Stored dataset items
== Segment start ==

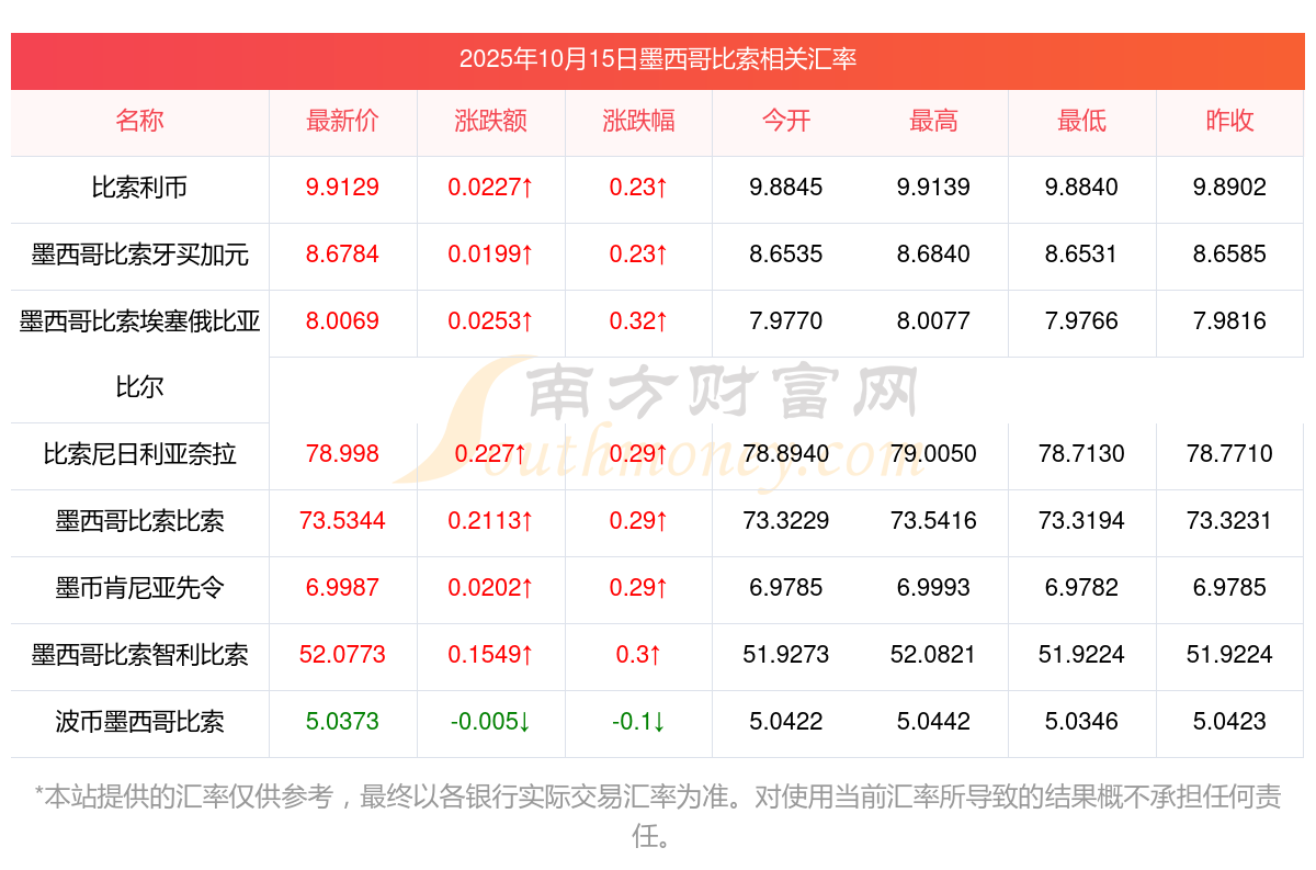 2025年10月15日墨西哥比索相關(guān)匯率查詢
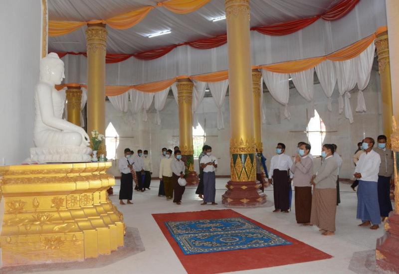 ပြည်ထောင်စုနယ်မြေ၊ နေပြည်တော်၊ ဒက္ခိဏသီရိမြို့နယ်၊ ရာဇသင်္ဂဟလမ်း၊ ကံ့ကော်ပန်းအဝိုင်း အနီးတွင် တည်ထားကိုးကွယ်လျက်ရှိသော ထာဝရငြိမ်းချမ်းရေးစေတီတော် တည်ဆောက်ရေးဦးစီး ကော်မတီ ဥက္ကဋ္ဌ၊ သာသနာရေးနှင့်ယဉ်ကျေးမှုဝန်ကြီးဌာန ပြည်ထောင်စုဝန်ကြီး သူရဦးအောင်ကိုသည် ယနေ့မွန်းလွဲ ၃ နာရီ ခွဲက လုပ်ငန်းကော်မတီ ဥက္ကဋ္ဌ၊ သာသနာရေးဦးစီးဌာန၊ ညွှန်ကြားရေးမှူးချုပ်နှင့် တာဝန်ရှိသူများနှင့်အတူ ထာဝရငြိမ်းချမ်းရေးစေတီတော်သို့ သွားရောက်ကာ သာသနာ့ဗိမာန်အတွင်း ပါကေးခင်းကျင်းထားရှိမှုအခြေအနေအား ကြည့်ရှုစစ်ဆေး၍ စေတီတော်ကြီးအား လက်ဝဲရစ် လှည့်လည်ပူဇော်ပြီး ဂန္ဓကုဋိတိုက် အရှေ့ဘက်မုခ်၊ တောင်ဘက်မုခ်၊ အနောက်ဘက်မုခ်၊ မြောက်ဘက်မုခ်တို့တွင် စကျင်ကျောက်အချောသတ်လုပ်ငန်းများ ဆောင်ရွက်နေမှုနှင့် တံခွန်တိုင် အောက်ခြေ စကျင်ကျောက် အချောသတ်လုပ်ငန်း ဆောင်ရွက်နေမှုတို့ကို ကြည့်ရှုစစ်ဆေးသည်။
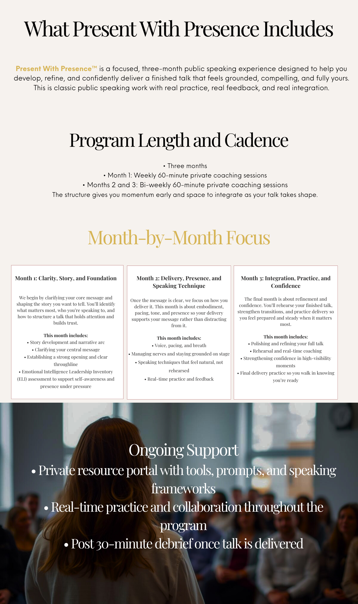 Present With Presence is a public speaking coaching experience designed to help you develop, refine, and practice a finished talk so you feel confident delivering it to any audience. You’ll shape your message, strengthen your delivery, and rehearse with intention so you can speak with clarity, credibility, and grounded presence.
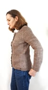 Knit from the bottom up with raglan decreases at the shoulders, this seamless cardigan includes waist shaping instructions. The sleeves are worked separately to the armholes and then joined to the body. The finished, blocked sweater is meant to be worn with 0-3” / 0-8 cm of positive ease.
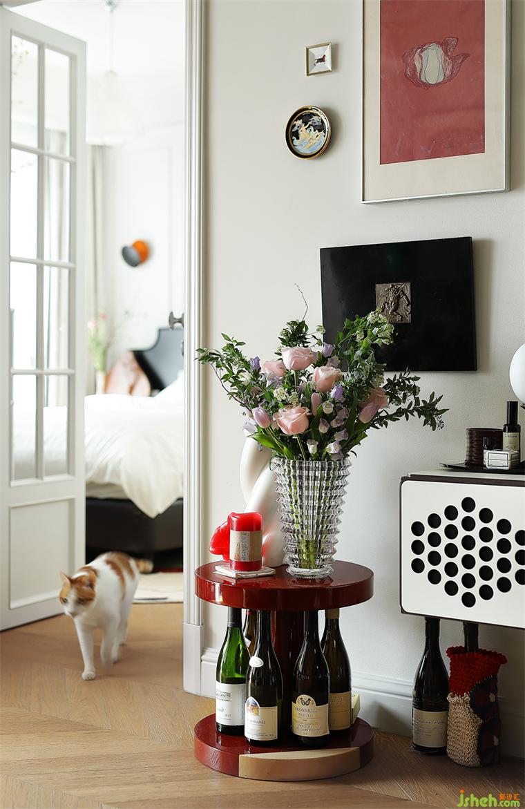 因?yàn)闃I(yè)主自己也是做設(shè)計(jì)相關(guān)的,選擇這種風(fēng)格是因?yàn)樗嗄暝诜▏沁吜魧W(xué)的一個經(jīng)驗(yàn),然后她經(jīng)常住的是法國老公寓,當(dāng)然也希望自己的家也是法國老公寓的這種風(fēng)格;這種風(fēng)格最大特點(diǎn)就是會有法式的基礎(chǔ),通過業(yè)主的職業(yè)特征或者生活習(xí)慣,會添加自己很多的喜好在里面,因?yàn)榉孔硬皇呛艽?,業(yè)主有很多的收藏,最后呈現(xiàn)出來就比較滿一點(diǎn)。

== Segment end ==

[Action item]: Retype each record exactly as it stands, but do not include the pictures.

[Problem solution]:
 2025年10月15日墨西哥比索相關(guān)匯率查詢
 ပြည်ထောင်စုနယ်မြေ၊ နေပြည်တော်၊ ဒက္ခိဏသီရိမြို့နယ်၊ ရာဇသင်္ဂဟလမ်း၊ ကံ့ကော်ပန်းအဝိုင်း အနီးတွင် တည်ထားကိုးကွယ်လျက်ရှိသော ထာဝရငြိမ်းချမ်းရေးစေတီတော် တည်ဆောက်ရေးဦးစီး ကော်မတီ ဥက္ကဋ္ဌ၊ သာသနာရေးနှင့်ယဉ်ကျေးမှုဝန်ကြီးဌာန ပြည်ထောင်စုဝန်ကြီး သူရဦးအောင်ကိုသည် ယနေ့မွန်းလွဲ ၃ နာရီ ခွဲက လုပ်ငန်းကော်မတီ ဥက္ကဋ္ဌ၊ သာသနာရေးဦးစီးဌာန၊ ညွှန်ကြားရေးမှူးချုပ်နှင့် တာဝန်ရှိသူများနှင့်အတူ ထာဝရငြိမ်းချမ်းရေးစေတီတော်သို့ သွားရောက်ကာ သာသနာ့ဗိမာန်အတွင်း ပါကေးခင်းကျင်းထားရှိမှုအခြေအနေအား ကြည့်ရှုစစ်ဆေး၍ စေတီတော်ကြီးအား လက်ဝဲရစ် လှည့်လည်ပူဇော်ပြီး ဂန္ဓကုဋိတိုက် အရှေ့ဘက်မုခ်၊ တောင်ဘက်မုခ်၊ အနောက်ဘက်မုခ်၊ မြောက်ဘက်မုခ်တို့တွင် စကျင်ကျောက်အချောသတ်လုပ်ငန်းများ ဆောင်ရွက်နေမှုနှင့် တံခွန်တိုင် အောက်ခြေ စကျင်ကျောက် အချောသတ်လုပ်ငန်း ဆောင်ရွက်နေမှုတို့ကို ကြည့်ရှုစစ်ဆေးသည်။
 Present With Presence is a public speaking coaching experience designed to help you develop, refine, and practice a finished talk so you feel confident delivering it to any audience. You’ll shape your message, strengthen your delivery, and rehearse with intention so you can speak with clarity, credibility, and grounded presence.
 Knit from the bottom up with raglan decreases at the shoulders, this seamless cardigan includes waist shaping instructions. The sleeves are worked separately to the armholes and then joined to the body. The finished, blocked sweater is meant to be worn with 0-3” / 0-8 cm of positive ease.
 因?yàn)闃I(yè)主自己也是做設(shè)計(jì)相關(guān)的,選擇這種風(fēng)格是因?yàn)樗嗄暝诜▏沁吜魧W(xué)的一個經(jīng)驗(yàn),然后她經(jīng)常住的是法國老公寓,當(dāng)然也希望自己的家也是法國老公寓的這種風(fēng)格;這種風(fēng)格最大特點(diǎn)就是會有法式的基礎(chǔ),通過業(yè)主的職業(yè)特征或者生活習(xí)慣,會添加自己很多的喜好在里面,因?yàn)榉孔硬皇呛艽?,業(yè)主有很多的收藏,最后呈現(xiàn)出來就比較滿一點(diǎn)。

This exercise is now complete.